* _Problem requirements_: Skip the pictures. Quote every line below, exactly, from the one with "2 extra wide" through the final line.

* _Supplied data_:
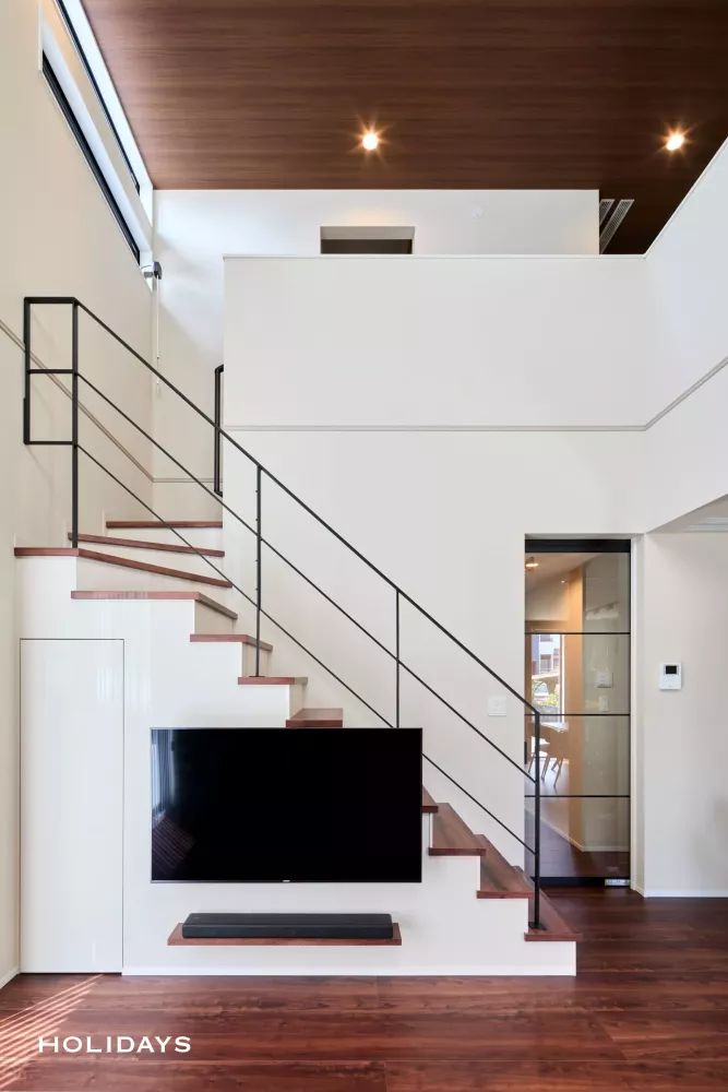 アイアンの繊細なデザインが美しいリビングドアと階段手摺が目を惹く空間。階段下のデッドスペースは上手く活用し収納スペースを確保。ハンドルレス・クロス仕上げの造作建具は、存在感を消し空間に溶け込む工夫をした。
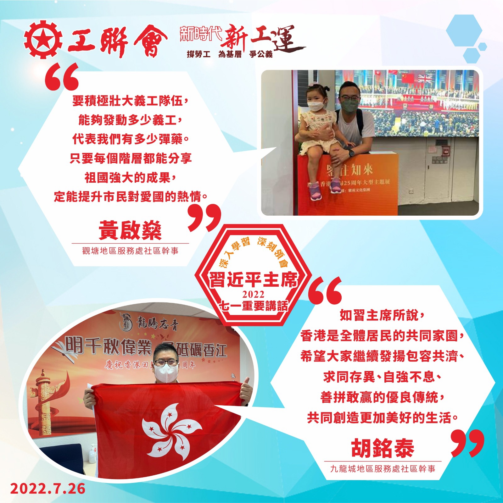 社區幹事黃啟燊:積極壯大義工隊伍 提升市民愛國熱情 社區幹事胡銘泰:弘揚愛國愛港 發揚包容共濟傳統 工聯會觀塘地區服務處社區幹事黃啟燊表示,要積極壯大義工隊伍,能夠發動多少義工,代表我們有多少彈藥。只要每個階層都能分享祖國強大的成果,定能提升市民對愛國的熱情。 工聯會九龍城地區服務處社區幹事胡銘泰表示,如習主席所說,香港是全體居民的共同家園,希望全體香港同胞大力弘揚以愛國愛港為核心、同「一國兩制」方針相適應的主流價值觀,繼續發揚包容共濟、求同存異、自強不息、善拼敢贏的優良傳統,共同創造更加美好的生活。
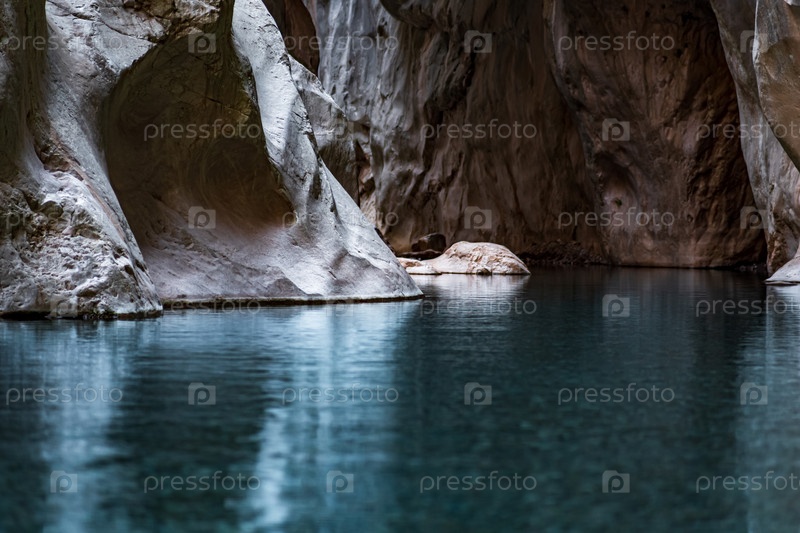 Узкий скалистый каньон горной реки со спокойной голубой водой в Гейнюке, Турция
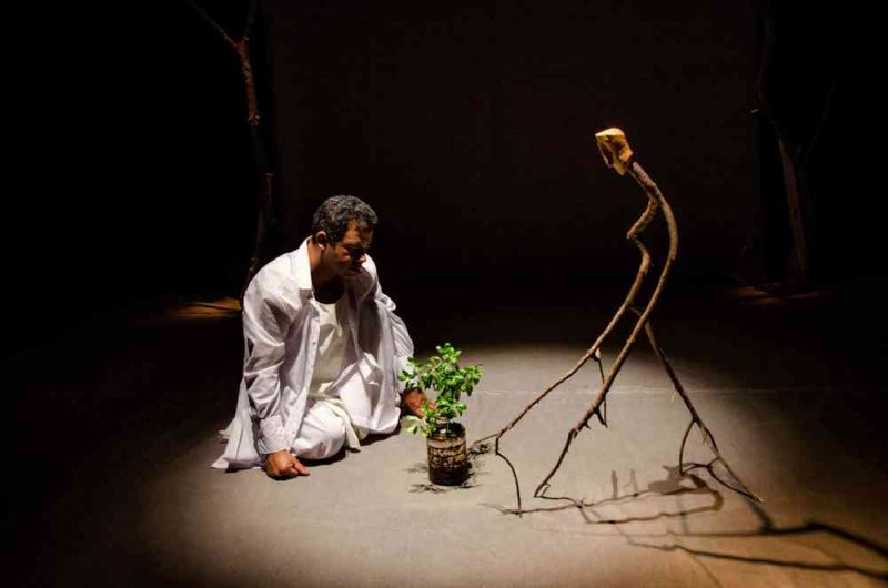 A montagem utiliza o teatro de sombras para criar uma atmosfera que se alterna entre encantadora, soturna e vertiginosa, os personagens são representados de forma simples, com bonecos feitos de galhos e folhas.
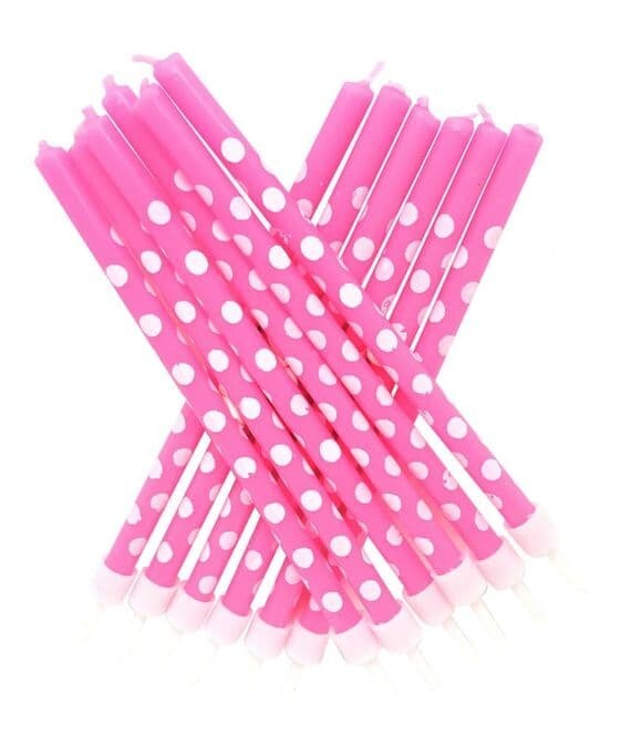 Polka Dot Tall Candles Pink with Holders - Pack of 12 - 10cm - Happy Birthday
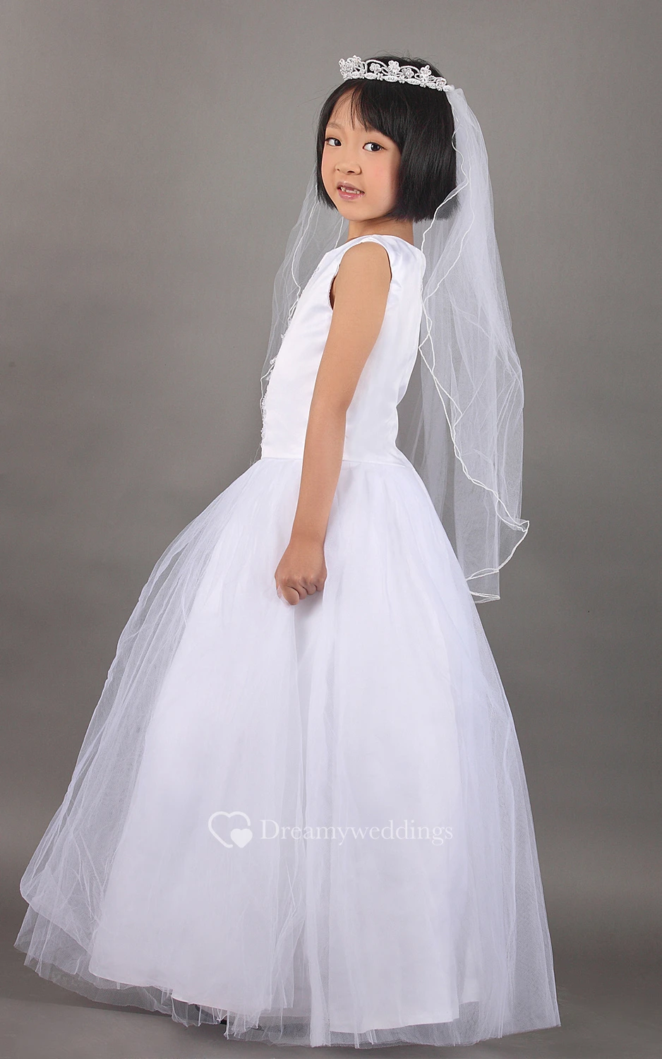 Sleeveless A-Line Ball Gown With Lace Appliques and Tulle Overlay
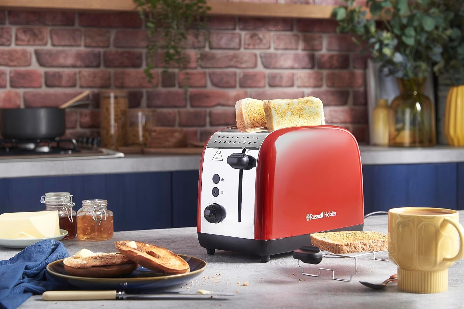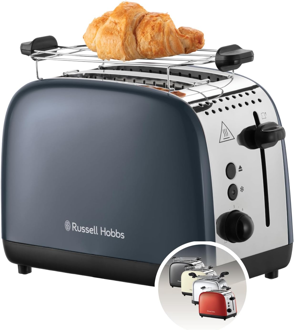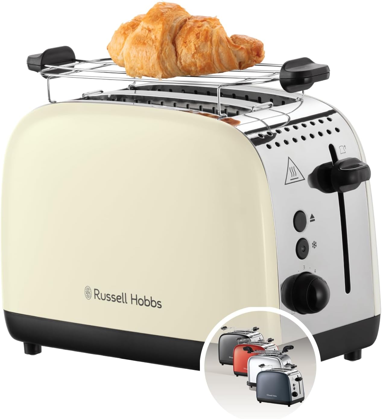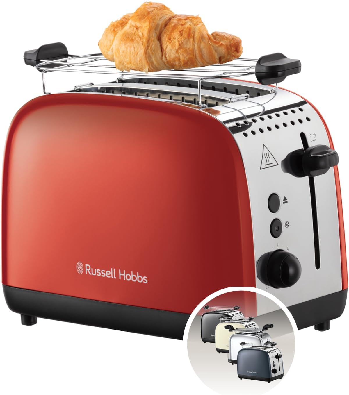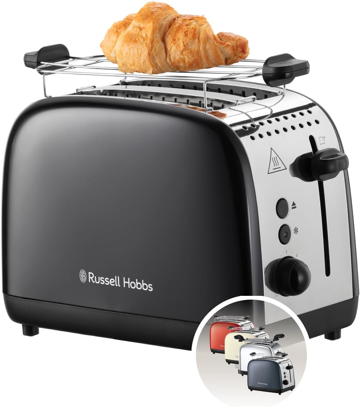 2 extra wide toast slots, lift and look, lifting function, 6 browning levels, defrosting, warming and stop function, crumb drawer, roll attachment
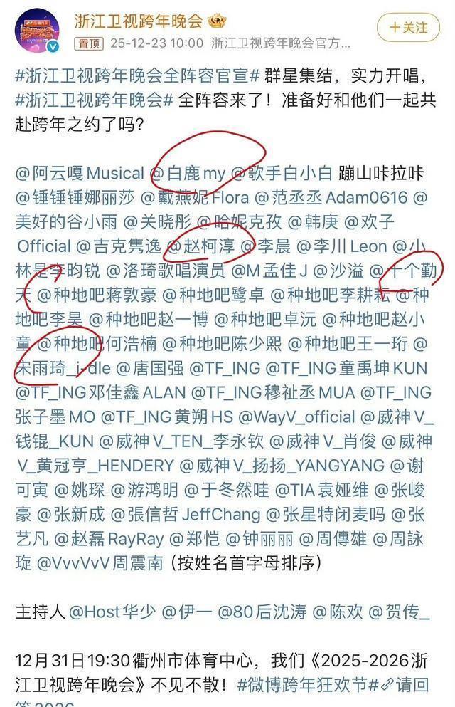 浙江卫视:中规中矩,靠综艺熟东谈主撑场 比较之下,浙江卫视能打的牌如实未几,此次官宣的跨年威望还被不少网友吐槽“最拉胯”。 定睛一看,威望里大多是“叫不出名字”的艺东谈主,能让东谈主记着的,基本都是浙江卫视自家综艺的熟样貌。

* _Expected answer_:
 2 extra wide toast slots, lift and look, lifting function, 6 browning levels, defrosting, warming and stop function, crumb drawer, roll attachment
 浙江卫视:中规中矩,靠综艺熟东谈主撑场 比较之下,浙江卫视能打的牌如实未几,此次官宣的跨年威望还被不少网友吐槽“最拉胯”。 定睛一看,威望里大多是“叫不出名字”的艺东谈主,能让东谈主记着的,基本都是浙江卫视自家综艺的熟样貌。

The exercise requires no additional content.